- _Task brief_
An exact copy of the lines from the top of the data through the line with "1、到恩施旅行,建议买湖北惠" is what you should give, with no pictures in it.

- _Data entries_
● ● ●
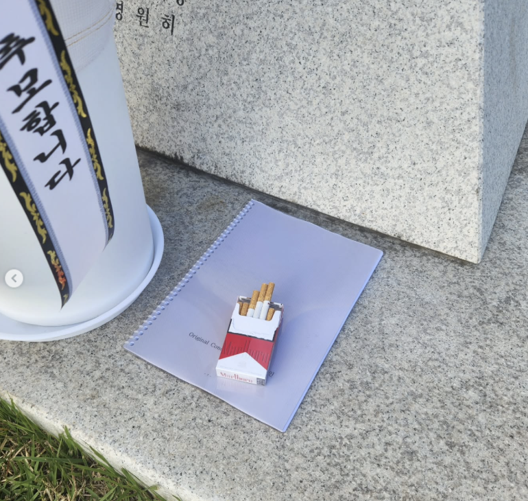 사진 속 홍경민은 고인의 묘소 앞에 스프링 제본된 책자 한 권과 담배 한 갑을 추모 화환 옆에 뒀다.
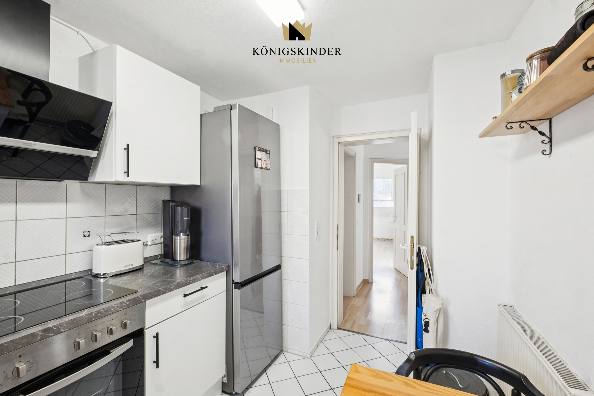 Der großzügige Wohnbereich bildet das Herz der Wohnung – ideal zum Entspannen, Kochen und Zusammensein. Die Küche ist separat gelegen und mit einer Einbauküche ausgestattet.
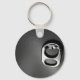 A black and white photo of a pop tab, on a keychain.
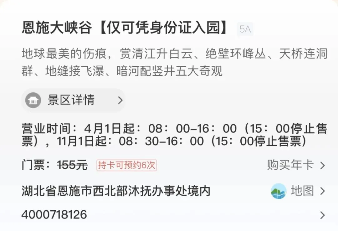 1、到恩施旅行,建议买湖北惠民卡。除屏山大峡谷外,大多数景点都包含在年卡里,可省不少钱。
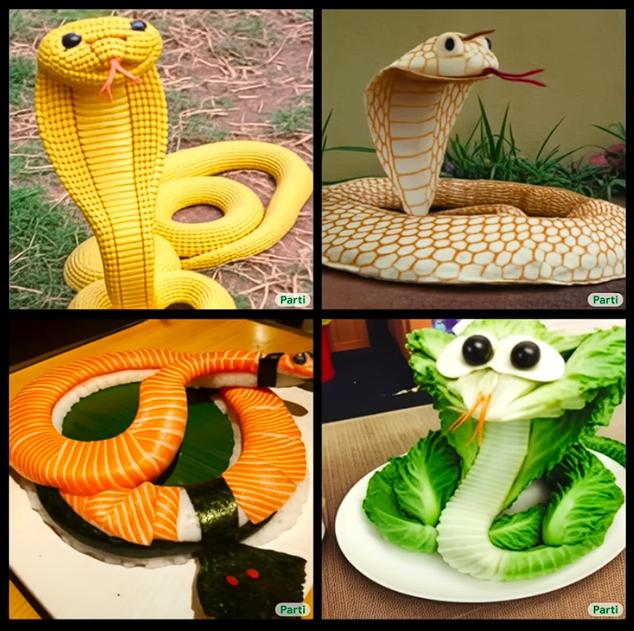 例如,“一列蒸汽火车穿越一座巨大的图书馆,画面采用伦勃朗油画风格”,或者“由玉米、煎饼、寿司或沙拉材料构成的一条巨型眼镜蛇”——我觉得其中生菜造型的眼镜蛇颇具创意,而玉米材质的也很有趣。
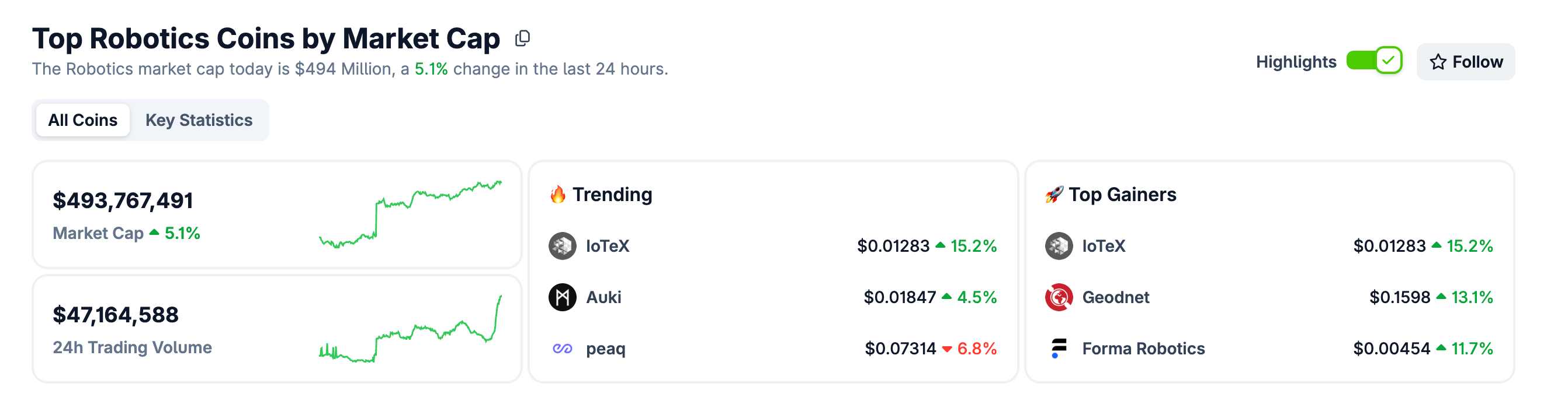 Machine economy is where autonomous devices can own assets, make payments, and coordinate their work via crypto networks. While traditional robotics is a $100+ billion industry, crypto-focused robot projects are still nascent – the total market cap of "robotic coins" only recently surpassed $400 million after market recovery.
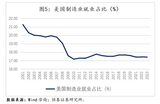 根据全球多个经济体的数据分析,发现当工业化完成后,会进入一个去工业化的过程,这个过程是不可逆的。从理论上看,根据巴拉萨-萨缪尔森定律,在各国内部工资均等化的作用下,生产率较高的国家服务业价格水平将更为昂贵。从资本逐利的角度而言,人们更倾向于从事高附加值的服务业,从事过年收入10万美元的水管工职业,就不愿进入工厂从事年收入3万美元的拧螺丝工作。因此,经济规律决定了美国的再工业化进程面临极大难度。另外一个例证便是波音公司,作为美国制造业的标杆企业,其衰退态势已清晰可见。类似的例子还有很多,在此不再一一列举。无论是现实经济规律还是具体案例都表明,美国试图通过“关税+减税”政策实现工业化,虽可能带来一定边际改善,但要重新成为制造业中心或恢复昔日制造业地位,基本难以实现。
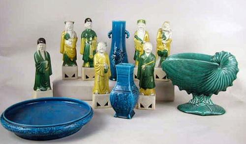 SEVEN YELLOW AND GREEN ASIAN STATUES; 10"h, AND four addition vessels
● ● ●
- _Exercise response_
 사진 속 홍경민은 고인의 묘소 앞에 스프링 제본된 책자 한 권과 담배 한 갑을 추모 화환 옆에 뒀다.
 Der großzügige Wohnbereich bildet das Herz der Wohnung – ideal zum Entspannen, Kochen und Zusammensein. Die Küche ist separat gelegen und mit einer Einbauküche ausgestattet.
 A black and white photo of a pop tab, on a keychain.
 1、到恩施旅行,建议买湖北惠民卡。除屏山大峡谷外,大多数景点都包含在年卡里,可省不少钱。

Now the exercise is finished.